The problem is that the NVIDIA container contains cudnn 9.1.0, but the plugin is trying to load libcudnn.so.8. There is a version mismatch, not that cudnn is not available.

lix19937 commented 2 days ago

You should make sure your env has one cudnn, and why your nvinfer plugin will load cudnn.8.0 ?

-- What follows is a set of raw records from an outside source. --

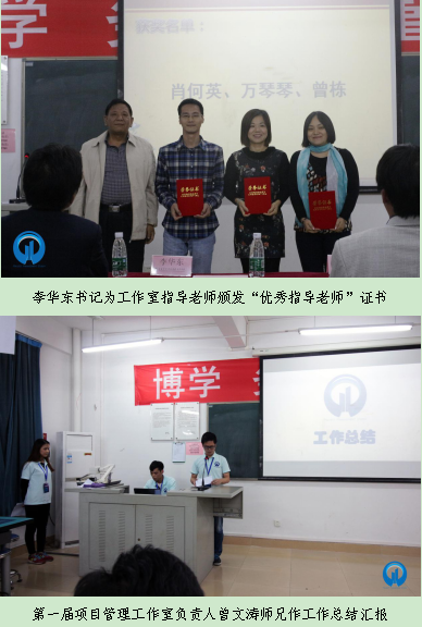换届仪式分两步进行:首先,由第一届项目管理工作室员工负责人曾文涛向参加大会的领导和老师作工作总结汇报,生动详实地汇报了第一届项目管理工作室运作成果和任务完成情况。从工作室成立至今,员工负责人在万琴琴老师的带领下,秉持“博学,务实,严谨,团结”的宗旨,实事求是地完成各项工作,培训计划有序进行。同时也认真总结过去存在的不足并强调工作室全体成员要紧密团结,希望在新一届员工负责人的带领下,众志成城、上下一心,积极进取、继往开来,汲取往届的经验,踏实推动工作室又好又快地发展。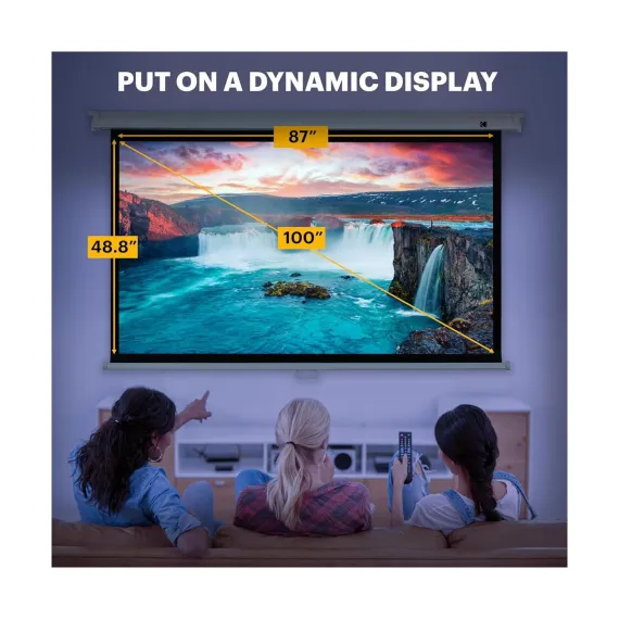 Kodak 60" Manual Pull Down Projector Screen, Large 16:9 Retractable Projector Screen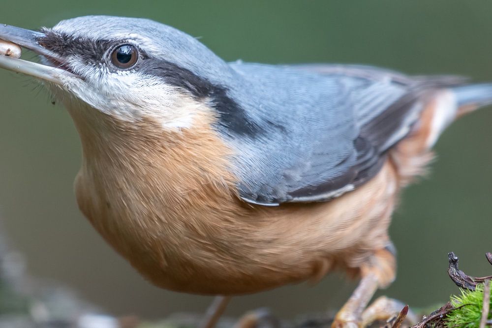 Kleiber, kleine Vögel mit einem relativ großen Schnabel, gut zum Sammeln von Nüssen geeignet. Foto aus einem Versteck aufgenommen. 5328 bei 3492 px. 18,29 MP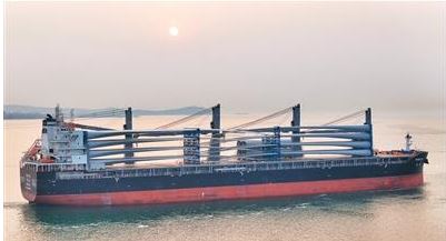 3月28日,7套国产风电设备在山东港口烟台港蓬莱港区完成装船并发往奥地利。随着中国风电企业不断拓展欧洲市场,烟台港目前已形成月均两班的欧洲风电设备发运频次。图为装载着出口奥地利风电设备的货轮从山东港口烟台港蓬莱港区起航(无人机照片)。唐克摄(新华社发)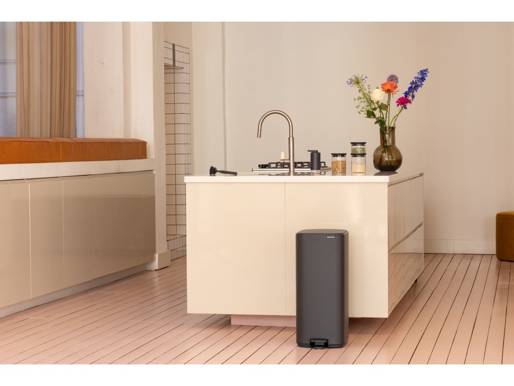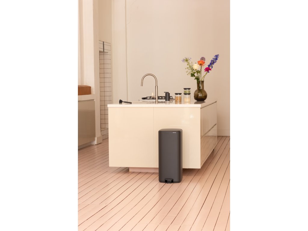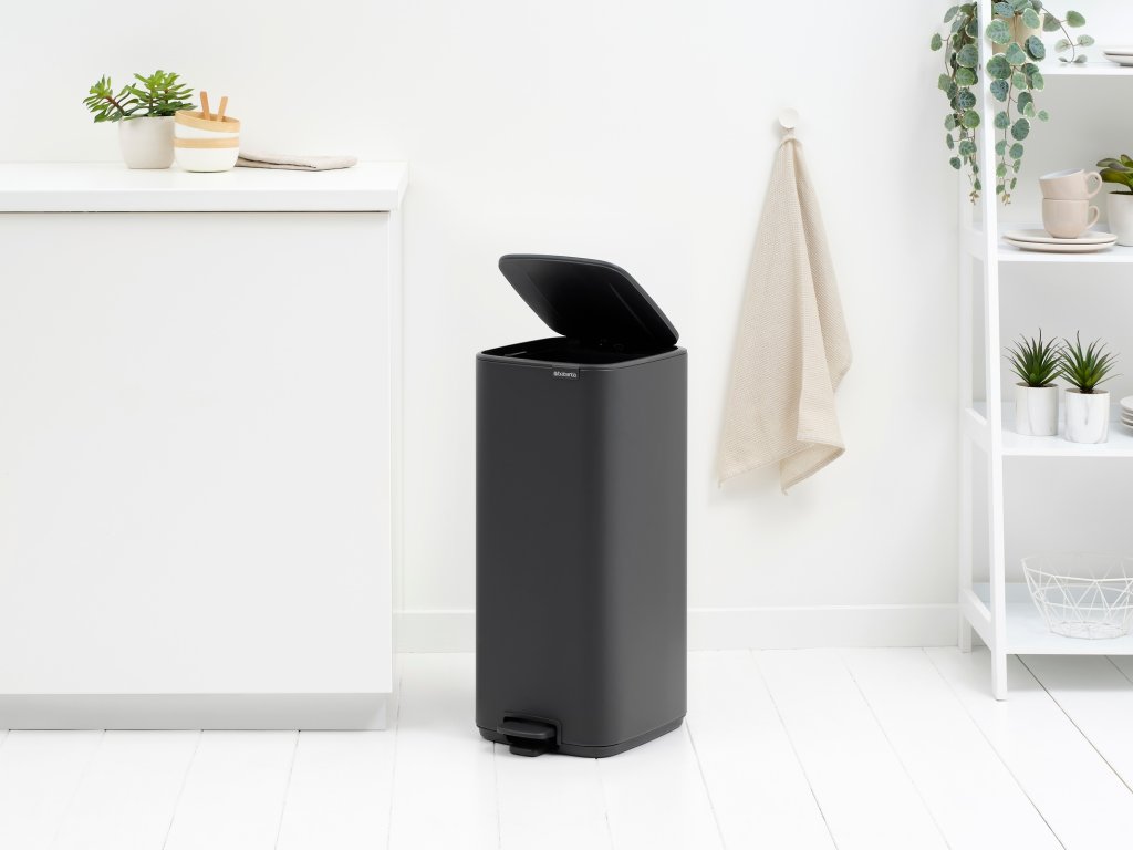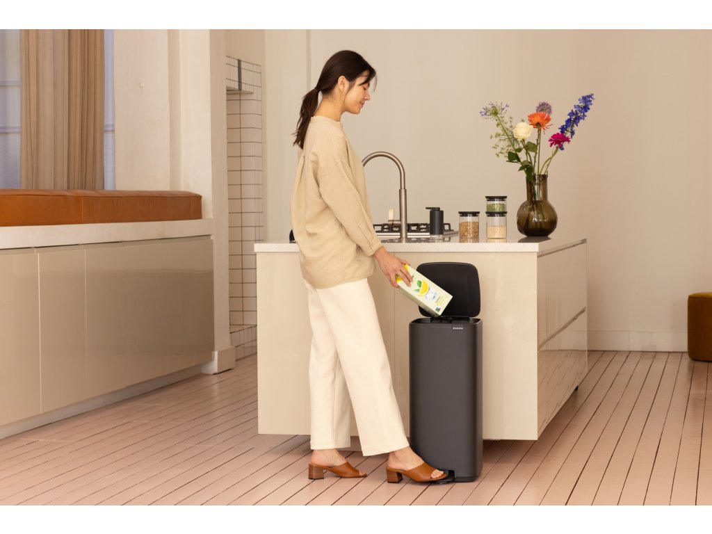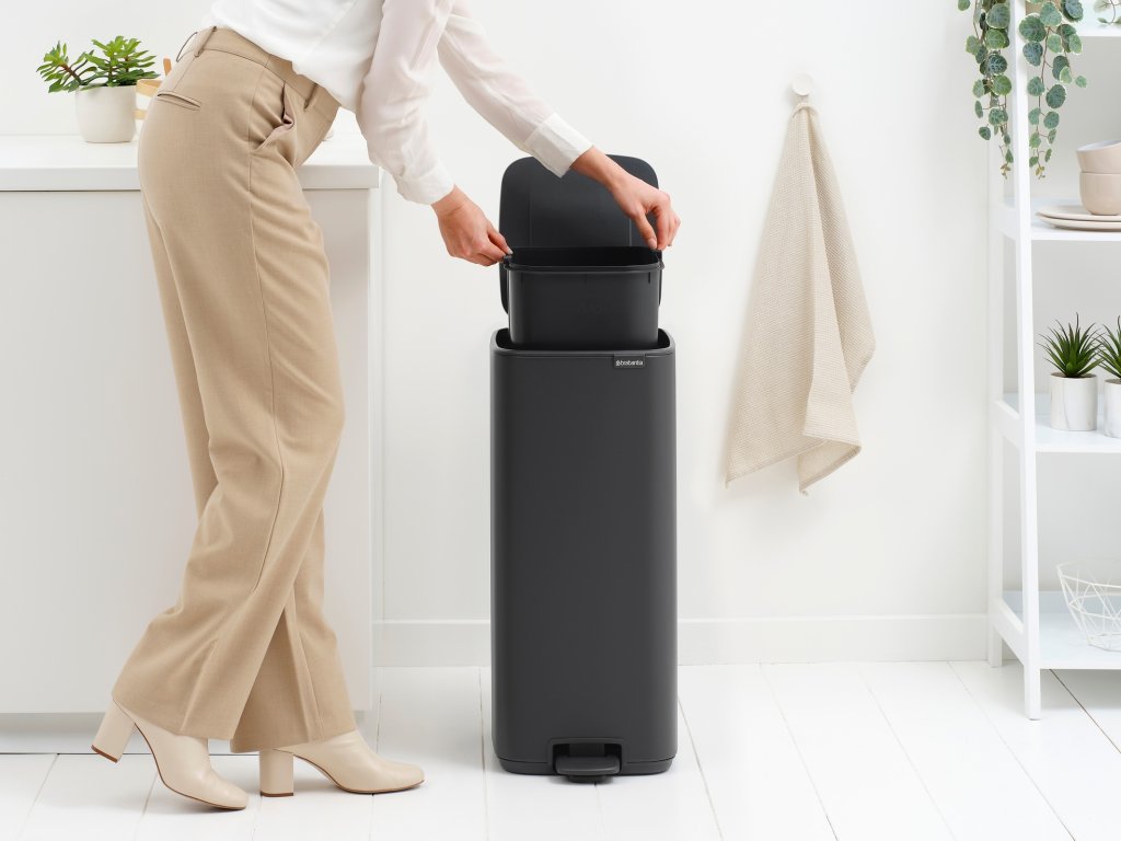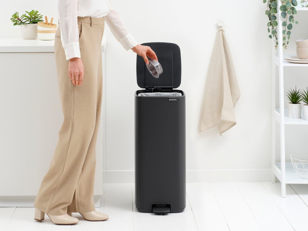 Chcete skvělý odpadkový koš s maximálním stylem? Tento štíhlý pedálový koš Brabantia Bo o objemu 30 litrů je krásný zvenku i zevnitř. Šetří místo, má hygienické ovládání pedálem a víko, které se po dokončení jemně zavírá – pro tuto štíhlou krásku není žádná objednávka příliš vysoká. Je čas na úklid? Vyjměte vnitřní kbelík a přenášejte koš za transportní rukojeť. K dispozici je dokonce i funkce ponechání otevřené polohy, která vám pomůže s úklidem. Tento vysoký a elegantní pomocník v domácnosti se také přizpůsobí zdi. Zvolte Bo!

appearancefnp commented 1 day ago

This is not my plugin - this is the plugin provided in this repo - https://github.com/NVIDIA/TensorRT/tree/release/10.1/plugin/groupNormalizationPlugin

And it loads cudnn 8, not 9 because it has the wrong macro defined here: https://github.com/NVIDIA/TensorRT/blob/release/10.1/plugin/common/cudnnWrapper.cpp#L26

lix19937 commented 1 day ago

From https://github.com/NVIDIA/TensorRT/tree/release/10.0, trt version, cudnn recommend follow

TensorRT GA build

TensorRT v10.0.1.6 Available from direct download links listed below System Packages

CUDA Recommended versions: cuda-12.2.0 + cuDNN-8.9 cuda-11.8.0 + cuDNN-8.9 GNU make >= v4.1 cmake >= v3.13 python >= v3.8, <= v3.10.x pip >= v19.0 Essential utilities git, pkg-config, wget

map to https://github.com/NVIDIA/TensorRT/blob/release/10.1/plugin/common/cudnnWrapper.cpp#L26-L42

You can try to creat a soft link ln -s libcudnn.so.9 libcudnn.so.8.

appearancefnp commented 2 hours ago

Why does the container include cudnn 9 then? https://docs.nvidia.com/deeplearning/tensorrt/container-release-notes/index.html#rel-24-06

If TensorRT doesn't work in an NVIDIA container with cudnn 9, why does it ship with it?